C-PLOT

Scientific Graphics and Data Analysis

E.1.10. - Getting command line options and keyboard input



Several subroutines are provided to simplify dialogue with the user of your C-PLOT user functions. Type 1 to 4 user functions do not read from a C-PLOT command file. To control the options within a user function when running from command files, extract fn command-line arguments using the get_cmdbuf() or get_args() routines provided. When the user function is run interactively the three get_?num() functions provide a convenient way of obtaining options from the keyboard.

 Name   What it Does 
 get_cmdbuf(b  Copy command line to character buffer b 
 get_args(fmt [, ptr ...])   Scan command line for arguments 
 get_dnum(prompt, dptr  Input double from keyboard 
 get_inum(prompt, iptr  Input integer from keyboard 
 get_snum(prompt, sptr  Input string from keyboard 

In the above function calls, b, fmt, prompt and sptr are type (char *), dptr is type (double *) and iptr is type (int *). The optional arguments to get_args() are all pointers with their type depending on the contents of the fmt string. There can be no more than 26 of these pointers.

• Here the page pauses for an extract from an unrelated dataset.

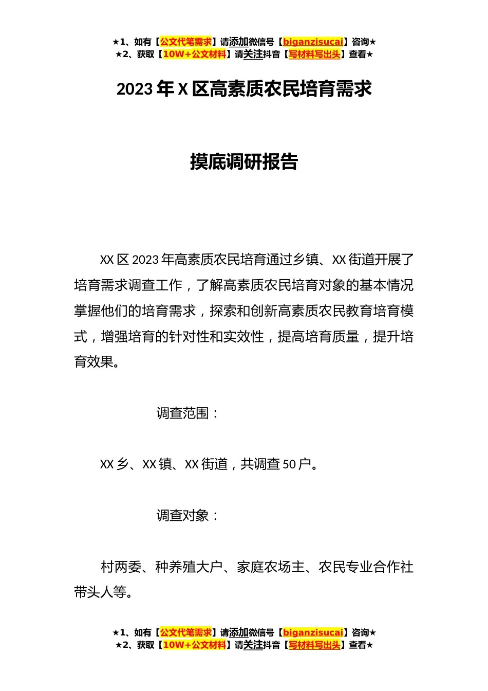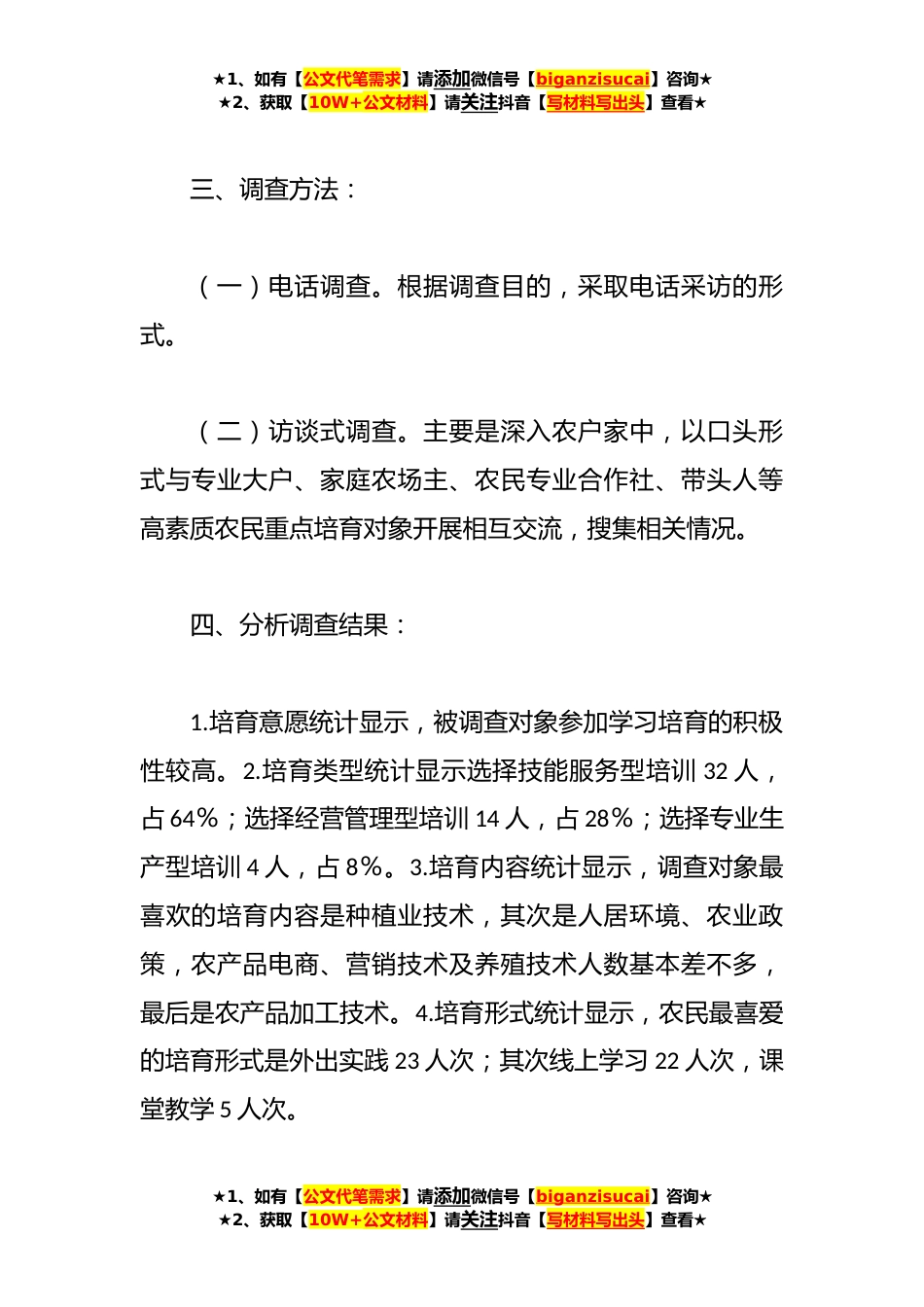 ★1、如有【公文代笔需求】请添加微信号【biganzisucai】咨询★★2、获取【10W+公文材料】请关注抖音【写材料写出头】查看★2023年X区高素质农民培育需求摸底调研报告XX区2023年高素质农民培育通过乡镇、XX街道开展了培育需求调查工作,了解高素质农民培育对象的基本情况掌握他们的培育需求,探索和创新高素质农民教育培育模式,增强培育的针对性和实效性,提高培育质量,提升培育效果。调查范围:XX乡、XX镇、XX街道,共调查50户。调查对象:村两委、种养殖大户、家庭农场主、农民专业合作社带头人等。★1、如有【公文代笔需求】请添加微信号【biganzisucai】咨询★★2、获取【10W+公文材料】请关注抖音【写材料写出头】查看★★1、如有【公文代笔需求】请添加微信号【biganzisucai】咨询★★2、获取【10W+公文材...

The size of the character buffer b used in get_cmdbuf() should be at least CMD_LEN bytes, where CMD_LEN is a manifest constant that is declared in the include files.

To clarify, here are examples of the usage of these functions. For get_args(), the rules for fmt, the optional pointers and the return value are just as they are for the standard sscanf() routine in the C library. If a function is invoked from the plot program as
fn name.1 arg1 arg2 arg3 arg4 ...
the scanning specified by format begins at arg1. Here is an example
setup() {
        int     args;
        double  p1, p2;

        args = get_args("%lf %lf", &p1, &p2);
        ...
}
For each of the last three routines in the above table, prompt, if nonzero, should point to a string that will be printed along with the current value of what is pointed to by the second argument. When the routine is called, a line of text will be read from the keyboard and scanned for something to stuff into the location pointed to by the second argument. If no appropriate object is found on the line of text, the contents of the location pointed to by the second argument remain unchanged. For the following code,
{
        static  char    file[64] = "data";
        static  double  temp = 98.6;

        get_snum("What file", file);
        get_dnum("What temperature", &temp);
        ...
}
the output is
What file (data)? <return>
What temperature (98.6)? <return>
The return values for each of these three functions are 1 if the user simply hits return, 0 if the user types some input and -1 on end-of-file (the user hit a ^D).